Each party may access the other’s non-public information designated as confidential or that should reasonably be understood as confidential (“Confidential Information”). Receiving party will use such information only to perform under these Terms and will protect it with at least the same care it uses for its own confidential information (not less than reasonable care). Exclusions include information that is public, independently developed, or lawfully received from a third party without restriction. Compelled disclosure is permitted with notice where legally allowed.


17) Force Majeure

Neither party is liable for delay or failure caused by events beyond reasonable control (e.g., natural disasters, labor disputes, platform outages, changes to platform policies, war, acts of government, utility failures). Obligations resume when the event ends.


18) Changes to the Services or Terms

We may update the Services and these Terms from time to time. Material changes will be effective on posting to our website or upon notice to you. Your continued use after the effective date constitutes acceptance. If you object to updates, you may terminate under Section 11.2 (fees through termination still apply).

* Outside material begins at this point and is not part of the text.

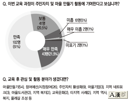 교육생 중 200명이 설문에 응답한 자료에 의하면, 교육내용 중 과정 전체적인 편성의 적절성에서 69.5%, 교육시간 적절성 55.5%, 교육 진행방식(토론과 발표) 73.5%, 교육 난이도는 61.5%가 만족하는 것으로 나타났다. 교육 수료 후 시정에 활동하고 싶은 분야에서 마을만들기 27%, 참여예산 13%, 다시 받고 싶은 강의 내용에서 마을만들기 19.5%순이었다. ‘이번 교육의 과정이 주민자치 및 마을 만들기 활동에 기여한다고 보느냐’는 질문에 21.5%가 매우 만족, 51%가 만족한다고 답했다.

19) Notices; Electronic Communications

We may send notices to the email on file or via your portal; notices are deemed given when sent. You consent to transact electronically. Legal notices to P2T:
Patient 2 Thrive, LLC – Attn: Legal

[email protected]


20) Miscellaneous

20.1 Independent Contractors. The parties are independent contractors. No partnership, franchise, joint venture, or employment relationship is created.
20.2 Assignment. You may not assign or transfer these Terms (by law or otherwise) without our prior written consent; any unauthorized assignment is void. We may assign to an affiliate or in connection with a merger, sale, or reorganization.
20.3 Export/Anti-Corruption. You will comply with applicable export controls, sanctions, and anti-corruption laws.
20.4 Severability; Waiver. If any provision is unenforceable, the remainder remains in effect. Failure to enforce is not a waiver.
20.5 Entire Agreement; Order of Precedence. These Terms, together with any Order(s) and our Privacy Statement, form the entire agreement and supersede prior or contemporaneous understandings. If there is a conflict, the Order controls, then these Terms, then any referenced policies.


21) SMS/MMS Program Terms (If Applicable)

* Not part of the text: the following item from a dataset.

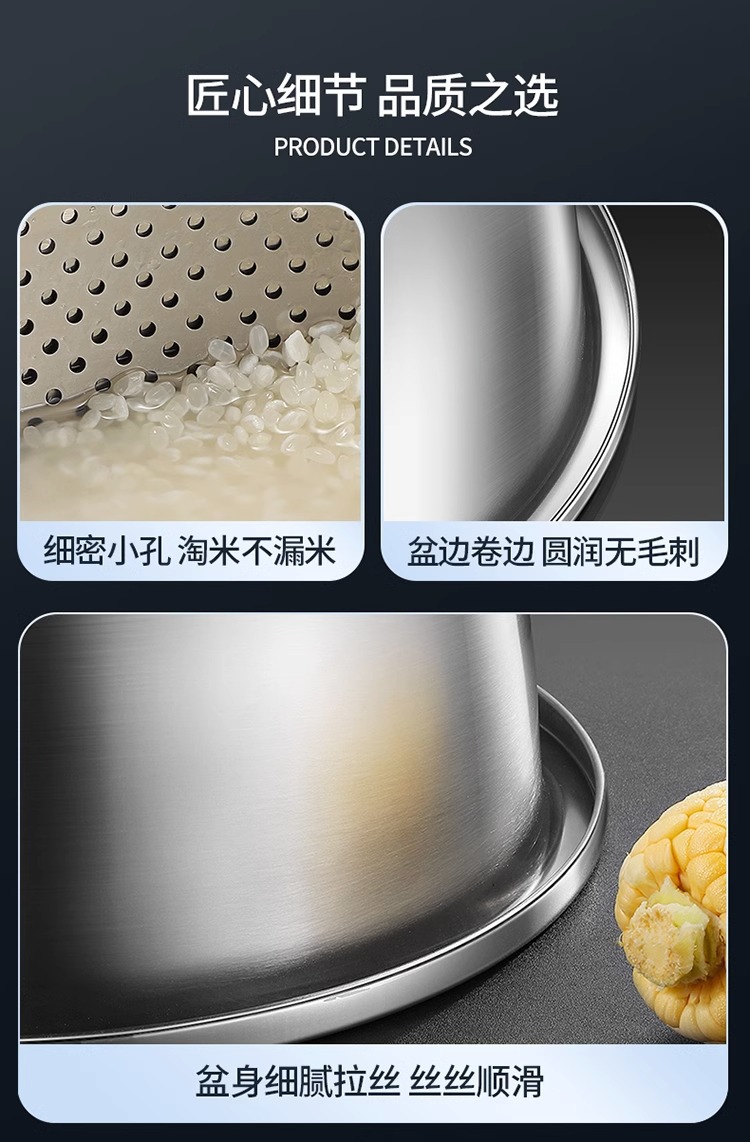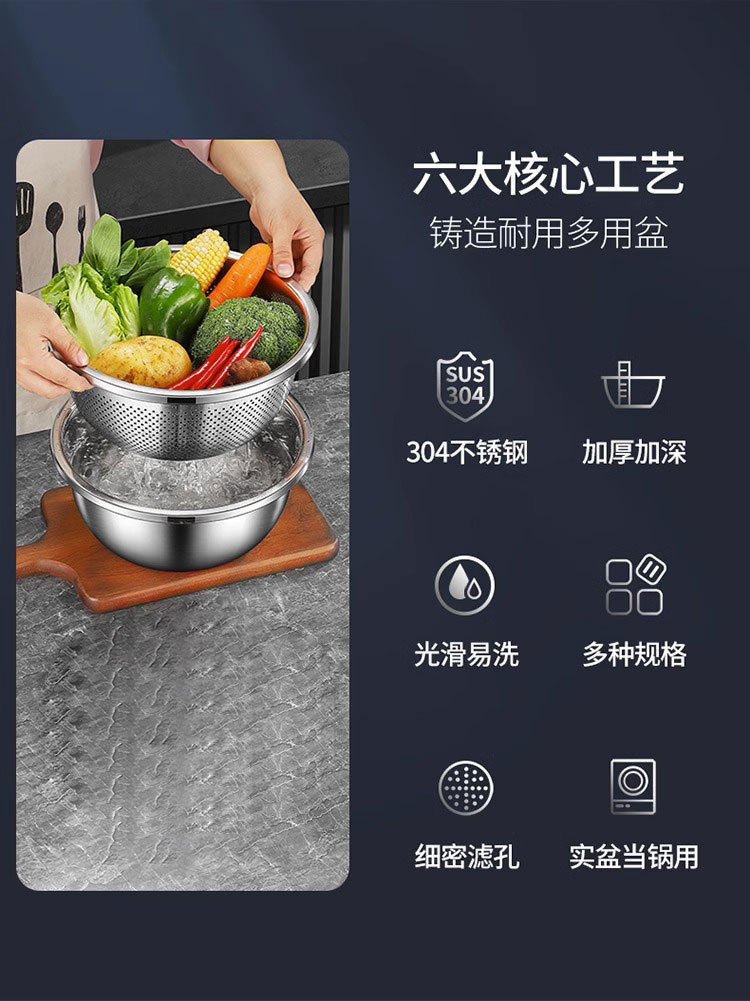 304ステンレス盆セット円形味斗家庭用料理盆スープ盆果物盆米盆と麺洗浄盆

Program: Patient 2 Thrive Alerts/Reminders/Promotions.

Frequency: Varies; typically appointment reminders, confirmations, promotional or educational messages.

Opt-In: By providing your mobile number and consenting, you agree to receive automated texts. Consent not required to purchase.

Opt-Out: Reply STOP to cancel; HELP for help. Message/data rates may apply.

Carriers: Not liable for delayed or undelivered messages.

Support: [email protected] or (954) 516-3328.

Eligibility: Must be 18+ or have parental consent where required.

Privacy: See www.patient2thrive.com/privacy.


Acceptance

BY USING THE SERVICES, SIGNING AN ORDER, OR CLICKING “I AGREE,” YOU ACKNOWLEDGE THAT YOU HAVE READ, UNDERSTOOD, AND AGREE TO BE BOUND BY THESE TERMS.